Warner Bros. Blames Canada for Piracy

Forget Voldemort. Harry Potter has a more pressing enemy: Canada.

Two months ahead of the highly anticipated release of Harry Potter and the Order of the Phoenix, Warner Bros. has decided to nix all promotional screenings of the sorcerer sequel and other would-be summer hits, including Ocean's Thirteen, Nancy Drew and the Catherine Zeta-Jones-Aaron Eckhart romantic vehicle No Reservation.

The reason?

Warners executives are blaming Canada for rampant movie piracy and hope the cancellation forces Canada's parliament to strengthen anti-piracy laws and crack down on illegal recording. According to studio estimates, in the last 18 months, 70 percent of bootlegged Warner Bros. movies were shot in Canadian theaters.

"It's less of a ban than a strategy to reduce our risk and it will be in effect for all Warner Bros. and Warner Independent films until such time as the risk is reevaluated," a studio spokesman told E! Online. "It's a business move actually."

The new policy covers sneak peeks for average moviegoers, but does not affect advanced screenings for journalists. The films will still open as scheduled in Canadian theaters.

Warner Bros. decided on the new "strategy" because Canadian law permits a person to videotape a movie in a theater for home use and only criminalizes such action if the recording is proven to have been used for commercial gain.

"What the policy will do is cut down on the risks when you have open screenings," said the studio rep. "This tends to be big business for a lot of people and anybody doing this professionally knows that all they have to say is 'I'm going to take it home and watch it.

"We've put in a lot of time to guard against camcordering, but without a law, the most we can do is ask someone to leave."

Warner Bros. and other studios have, along with the Motion Picture Association of America, been lobbying Canadian officials for the several years to ban camcorders in theaters.

Without such action, the studios claim, their films are quickly disseminated online and can be duped for sale on the black market around the world.

The distributors now employ technology that enables them to trace the countries (and sometimes the theaters) where such bootlegs originated via a special digital watermark imprinted on the reel itself.

According to the MPAA, Canada now ranks as a problem country because roughly one in five pirated movies are recorded there. Because of the country's lax recording laws and state-of-the-art movie houses, the illegal dupes often feature pristine sound and high-quality images.

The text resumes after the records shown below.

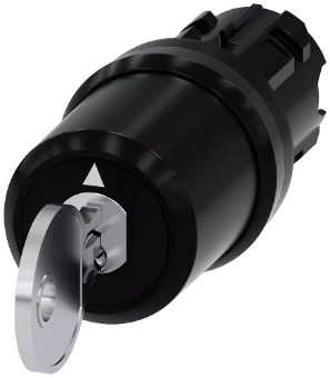 Siemens keyswitch, C, 22 mm, round, plastic, lock number S-10-CG, with 2 keys, 3 switch positions I-OII, left latching, momentary contact type on the right, actuating angle 2x45°, 10:30h/12h/13:30h, key removal O+I Key-operated switches SIRIUS ACT for meeting higher demands for access security. Under the brand name SIRIUS ACT, Siemens offers a unique portfolio of pushbuttons and signaling devices with global product approvals in three modern design lines of rugged genuine metal and high-grade plastic.An innovative snap-on concept makes the task of installing a unit so easy that it can be done with one hand and without any special tools. Groove-free holes are adequate as mounting holes since full twist prevention isalready integrated.Thanks to the high degree of protection throughout, the rugged devices are suitable for use in industry and outdoors. Even cleaning with a high-pressure jet is possible. Neither dust, oils, nor caustic solutions can interfere with reliable operation.As well as standard wiring, the devices can also be connected to the controller via PROFINET, AS-Interface or IO-Link. Doing so will help you to reduce wiring time and effort, minimize error sources and have more flexibility.The graphical Online Configurator provides convenient support when selecting and ordering individual devices, enclosures and labels. Extensive documentation (e.g. manual, 3D data, terminal diagram) is available. Versions available: Various locking systems (Siemens, C; Siemens, B; RONIS, OMR), 2/3 switch positions, latching/momentary-contact operation, various key removal positions. Note: Single device, please order holders and modules separately. SIRIUS ACT - Performance in action for control and signalling. Simply mounted, simply strong, simply perfect.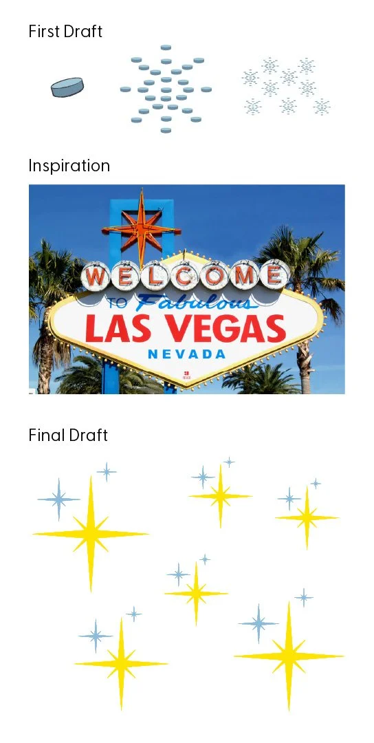 One of the starflakes was placed on top of the dot of the ‘i’ with a fill of yellow to give it an accent. The words “Las Vegas” and “Hockey,” previously tinted in a lighter blue, were tinted yellow for contrast.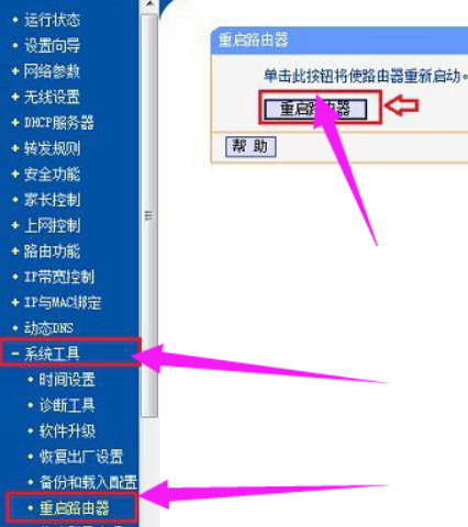 6、最后在“系统工具”里面的“重启路由器”“进行重启。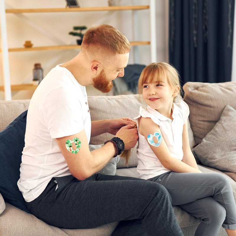 • Fun & Functional Design: These CGM overlay patches come in a heart shape with bright and charming summer patterns. Designed with a center cut-out to securely frame your sensor, they offer a playful yet practical way to protect your device during daily activities.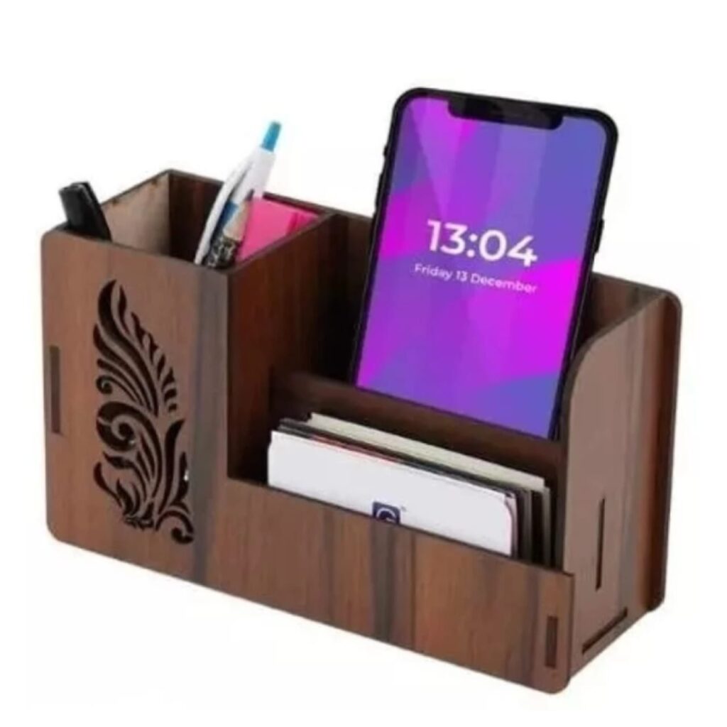 Wooden Pen Stand With Visiting Card & Mobile Holder (4)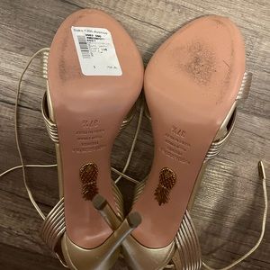 Shine from day to night in our Ari Sandal. Meticulously crafted in Italy from sleek specchio and laminated nappa in swank soft gold, the open toe silhouette features a cut out at the heel and slim laces that wrap elegantly around the ankle. The pair is balanced on a slim stiletto heel.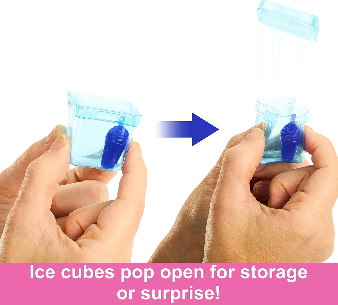 Discover additional pieces inside the ice cubes that really "pop" open, like a squishy mini-drink and roller-skates for Barbie® doll -- use for storage or repeat reveals!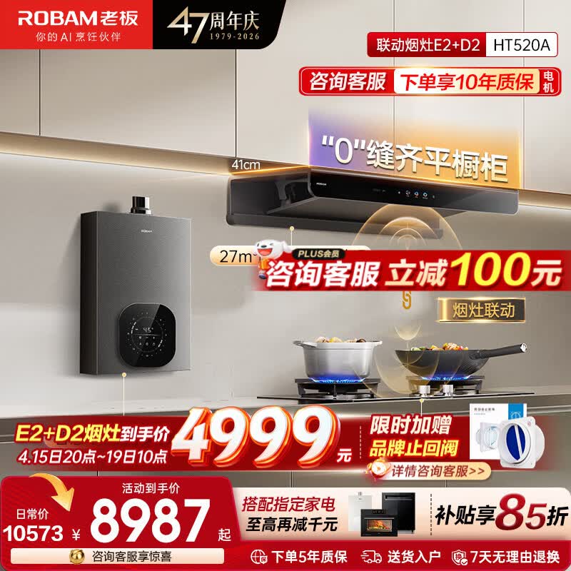 老板(Robam)【抢烟灶热6999】双子星E2机皇27风量欧式抽吸油烟机燃气灶具套装智能巡航增压1320Pa挥手智控 【限时6999三件套】烟灶+16L零冷水热水器

Senators Diane Feinstein (Democrat, California) and John Cornyn (Republican, Texas) have even written to Canadian Prime Minister Stephen Harper urging his government to act more aggressively against film pirates.

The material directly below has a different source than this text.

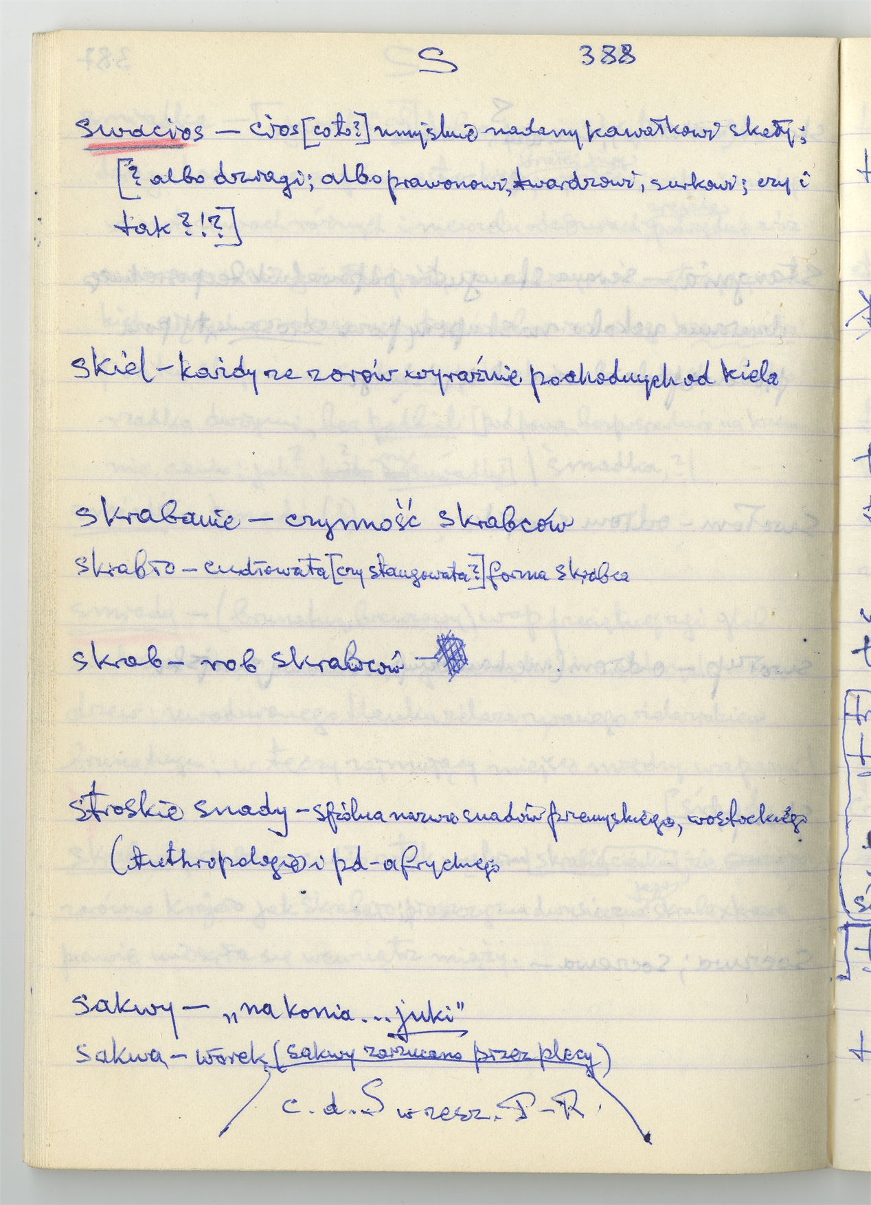 Rękopis słownika sporządzony w zeszycie w linię zatytułowany "Słownik S-Z Ż Ź s. 361-480" - strona 29: hasła słownikowe na literę S c.d. (autorska strona 388)

Warners' promotional screening ban goes into effect June 7 with the release of Ocean's Thirteen and will remain in place until the studio feels there are stronger laws on the books.

At the same time, Warner Bros. is also attempting a proactive approach. The distributor reached a deal with BitTorrent last year to make several catalogue movies and TV shows available for legal download.

BitTorrent, of course, is the company whose innovative file-sharing software pirates have used to quickly and efficiently download movies and music. Hoping to avoid the fate of Napster, BitTorrent has since reached agreements with the MPAA to try and clamp down on pirated material available in its search engine.